The Automobile Association (AA) has warned South Africans about a record high fuel price increase coming in April. The Central Energy Fund’s mid-month fuel data release prompted AA’s comment.
Fuel prices may reach R24/l for petrol says AA
The AA noted on Wednesday, 16 March, that the latest information available has projected that fuel prices could reach up to R24/l for petrol and R23.60 for diesel. The current data available shows that 95 octane petrol is set to increase by R2.5/l.
93 octane petrol is expected to rise by R2.07/l, illuminating paraffin is projected to climb by R2.5/l while diesel is expected to increase by between R2.94/l and R3.08/l.
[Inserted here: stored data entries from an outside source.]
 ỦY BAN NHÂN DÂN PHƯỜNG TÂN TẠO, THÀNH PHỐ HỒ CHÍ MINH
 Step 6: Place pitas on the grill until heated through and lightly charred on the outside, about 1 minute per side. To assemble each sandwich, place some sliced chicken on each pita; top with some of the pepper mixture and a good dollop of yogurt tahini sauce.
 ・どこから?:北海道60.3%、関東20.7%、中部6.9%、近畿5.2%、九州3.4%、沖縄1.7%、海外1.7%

AA says this is the highest in SA’s history
The AA stated that these will be the highest increases in fuel prices in the history of South Africa. Not only will this have major ramifications but the economy as a whole will be undoubtedly impacted.
“We must note, though, that this is the mid-month outlook, and oil prices are, for the moment, see-sawing significantly so there may yet be some relief before the official adjustment by the Department of Mineral Resources and Energy is made going into April,” said the AA.
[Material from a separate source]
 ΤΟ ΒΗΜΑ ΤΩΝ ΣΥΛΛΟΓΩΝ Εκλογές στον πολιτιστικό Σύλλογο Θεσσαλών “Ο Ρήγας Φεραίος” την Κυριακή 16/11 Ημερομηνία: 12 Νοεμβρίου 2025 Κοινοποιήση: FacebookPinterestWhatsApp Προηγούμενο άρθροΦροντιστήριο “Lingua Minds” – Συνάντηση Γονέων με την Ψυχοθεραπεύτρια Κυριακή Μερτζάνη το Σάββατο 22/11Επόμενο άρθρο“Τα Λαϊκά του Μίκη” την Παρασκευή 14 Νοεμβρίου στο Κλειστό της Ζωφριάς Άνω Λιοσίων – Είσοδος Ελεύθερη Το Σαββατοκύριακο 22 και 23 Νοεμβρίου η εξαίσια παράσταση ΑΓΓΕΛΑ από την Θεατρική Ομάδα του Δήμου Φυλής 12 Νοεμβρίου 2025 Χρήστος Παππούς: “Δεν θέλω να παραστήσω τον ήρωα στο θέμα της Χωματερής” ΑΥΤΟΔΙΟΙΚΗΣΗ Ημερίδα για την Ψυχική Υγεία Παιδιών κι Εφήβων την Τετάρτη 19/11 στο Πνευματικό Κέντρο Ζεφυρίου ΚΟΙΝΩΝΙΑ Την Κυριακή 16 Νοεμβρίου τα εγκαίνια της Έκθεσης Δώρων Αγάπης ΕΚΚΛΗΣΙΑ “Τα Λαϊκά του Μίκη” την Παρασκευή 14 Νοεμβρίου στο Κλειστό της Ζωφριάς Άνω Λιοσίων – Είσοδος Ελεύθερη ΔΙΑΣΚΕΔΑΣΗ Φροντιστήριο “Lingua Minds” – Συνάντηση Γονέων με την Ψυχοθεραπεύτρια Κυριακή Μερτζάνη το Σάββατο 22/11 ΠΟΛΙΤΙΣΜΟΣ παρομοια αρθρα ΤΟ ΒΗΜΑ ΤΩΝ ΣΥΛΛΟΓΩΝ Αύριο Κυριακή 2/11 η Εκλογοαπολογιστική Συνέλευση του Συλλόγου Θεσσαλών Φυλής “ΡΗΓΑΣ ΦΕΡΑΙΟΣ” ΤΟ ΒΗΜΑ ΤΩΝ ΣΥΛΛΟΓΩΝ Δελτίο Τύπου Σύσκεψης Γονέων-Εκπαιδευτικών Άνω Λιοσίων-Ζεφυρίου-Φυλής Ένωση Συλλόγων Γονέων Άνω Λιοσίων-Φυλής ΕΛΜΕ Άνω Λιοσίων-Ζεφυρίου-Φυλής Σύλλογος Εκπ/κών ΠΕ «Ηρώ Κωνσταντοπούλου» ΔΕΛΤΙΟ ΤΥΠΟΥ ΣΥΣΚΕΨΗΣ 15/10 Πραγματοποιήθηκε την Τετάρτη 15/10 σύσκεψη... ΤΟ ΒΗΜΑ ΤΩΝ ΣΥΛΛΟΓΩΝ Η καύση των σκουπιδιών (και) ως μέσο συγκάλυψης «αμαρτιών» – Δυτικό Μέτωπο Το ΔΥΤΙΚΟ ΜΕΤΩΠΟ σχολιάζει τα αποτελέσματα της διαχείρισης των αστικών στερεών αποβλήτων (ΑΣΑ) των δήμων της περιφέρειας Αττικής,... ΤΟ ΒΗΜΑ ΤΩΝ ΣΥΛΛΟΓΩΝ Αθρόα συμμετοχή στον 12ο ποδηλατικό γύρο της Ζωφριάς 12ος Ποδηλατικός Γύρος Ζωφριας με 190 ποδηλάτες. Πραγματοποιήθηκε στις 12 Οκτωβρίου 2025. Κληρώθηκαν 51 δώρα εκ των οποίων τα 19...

International oil prices continue to impact the globe
International oil prices have skyrocketed in the past weeks due to the ongoing conflict between Ukraine and Russia. IOL reports that Russia is the third top crude oil producer in the world.
The AA explained that the increase in oil prices contributes about 98% to the predicted hikes. The rand contributes to the other 2%. The rand reportedly stabilised to R15.01 to the US dollar as of 16 March 2022.
The AA revealed that the rand’s value against the US dollar has a nominal impact on the South African fuel price. The association further explained that the globe is seeing record-high fuel prices which will impact every market.
Consumers are advised to brace themselves
It added that there is not much that can be done to stop the dramatic impact.
“Locally there is little to cushion the blow for millions of South Africans who are struggling to cope with a fragile economy which is hurting their personal financial situation. Consumers should brace themselves and prepare for what is likely to be a long winter if the conflict in Ukraine is drawn out.”